Boasting In Suffering – 2 Corinthians 11:23–27

by | 1 & 2 Corinthians


23Are they servants of Christ?—I speak as if insane—I more so; in far more labors, in far more imprisonments, beaten times without number, often in danger of death. 24Five times I received from the Jews thirty-nine lashes. 25Three times I was beaten with rods, once I was stoned, three times I was shipwrecked, a night and a day I have spent in the deep. 26I have been on frequent journeys, in dangers from rivers, dangers from robbers, dangers from my countrymen, dangers from the Gentiles, dangers in the city, dangers in the wilderness, dangers on the sea, dangers among false brethren; 27I have been in labor and hardship, through many sleepless nights, in hunger and thirst, often without food, in cold and exposure.

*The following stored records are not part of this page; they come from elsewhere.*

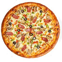 Sauce tomate, mozzarella, champignons, légumes jambon de dinde, thon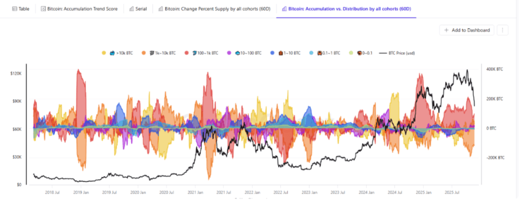 These large whales have continued to distribute, alongside retail investors (with 0–1 BTC and 1–10 BTC). Overall, BTC could have formed a potential local bottom, supported by a strong rebound and accumulation from the mid-sized wallets. However, persistent selling from the crucial 1,000–10,000 BTC group continues to limit confirmation of a broader trend reversal. The current price recovery is encouraging, but a decisive shift in whale behavior is still required to signal the end of the bearish phase.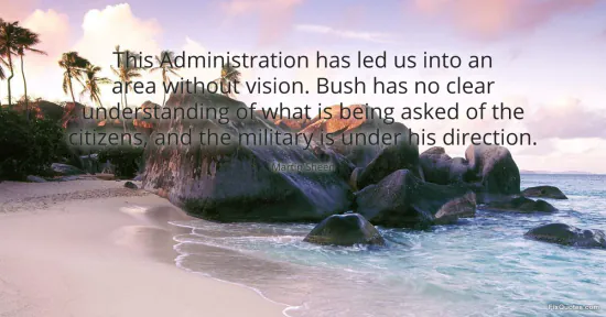 "This Administration has led us into an area without vision. Bush has no clear understanding of what is being asked of the citizens, and the military is under his direction." FixQuotes, 17 Jan. 2026, https://fixquotes.com/quotes/this-administration-has-led-us-into-an-area-57835/. Accessed 12 Feb. 2026.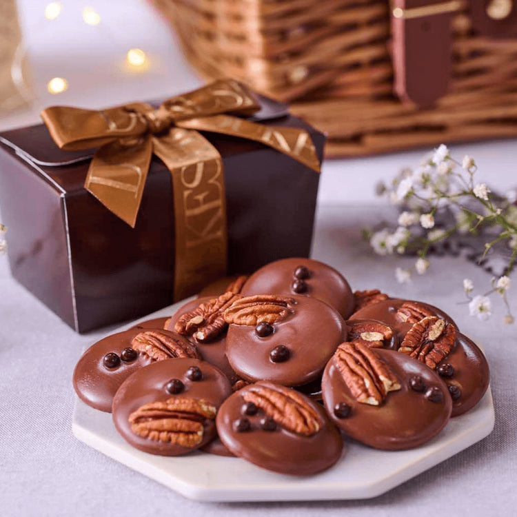£11.50Milk Chocolate, Crunchy Biscuit & Caramelised Pecan Mendiants
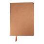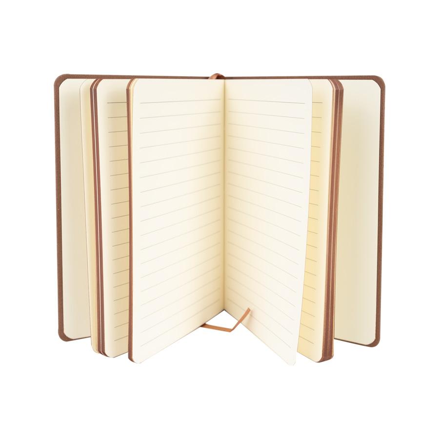Libreta tamaño A6, con cubierta de PU eco-cuero de 2mm de espesor y lomo pintado de color al tono. Interior 80 hojas lineadas amarillas de 80gsm. Incluye banda separador de hojas al tono. Presentación individual en bolsa de polipropileno.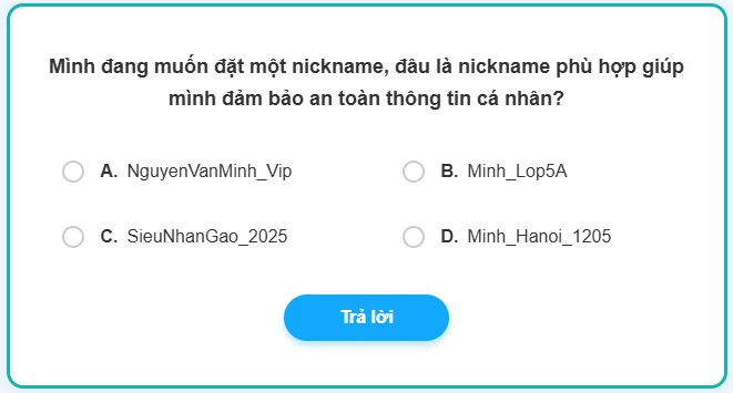 Nội dung: Chọn một nickname không làm lộ thông tin cá nhân.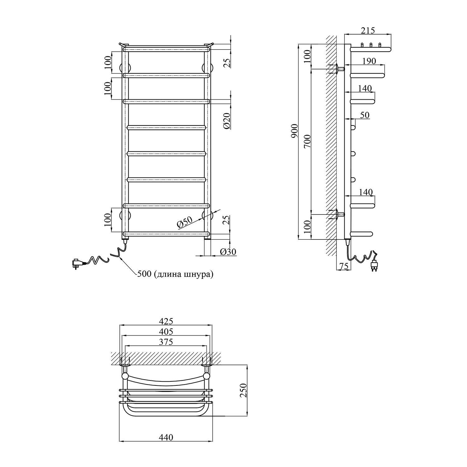 Опис Полотенцесушитель електричний Kroner Канна ДК05EL 900х400/8 EL код товару CV032309

Let the comparisons begin! Paul may anticipate that some of his readers will think he has gone insane by writing like this, so he inserts parenthetically, “I speak as if insane.” Or he may be asserting that to boast in this way is to court insanity. Either way, he continues his faux boasting by turning the narrative to a different nature about what is boast-worthy.

Rather than boasting about his superior knowledge or his position as an exalted apostle, Paul instead lays out all the suffering he has gone through to get the word out about the gospel. He says elsewhere, “But may it never be that I would boast, except in the cross of our Lord Jesus Christ, through which the world has been crucified to me, and I to the world” (Gal. 6:14). Because of the cross of Christ, we see here in Paul’s letter to the Corinthians how his relationship to the world system and its fleshly way of living worked out in Paul’s life. When he boasts in his sufferings, he is boasting in the cross, for that is the only reason why he could go through so much.

Read the list above and ponder it. Imprisonments, beatings, near-death experiences, whippings, stoning, shipwrecks and continuous dangers confronting him from his many travels, river crossings, and highway robberies. And these were not just in the ungoverned parts of the world but in the cities and villages. There was the constant concern of so-called believers who were really spies to harass the apostles. He describes his experiences as labor and hardship, sleepless nights, suffering hunger and thirst, exposure to the elements. This gives us more of a personal autobiography of Paul’s missionary journeys recorded in Acts 13–28.

These are the things Paul chooses to boast about, the things which most people complain about. In today’s popular Christian culture, one might assume he must have missed God’s perfect plan for a wonderful life. But going through that was necessary to bring the love and forgiveness of God to the Corinthians.


Lord, thank You for those who have suffered to preach the news about Christ.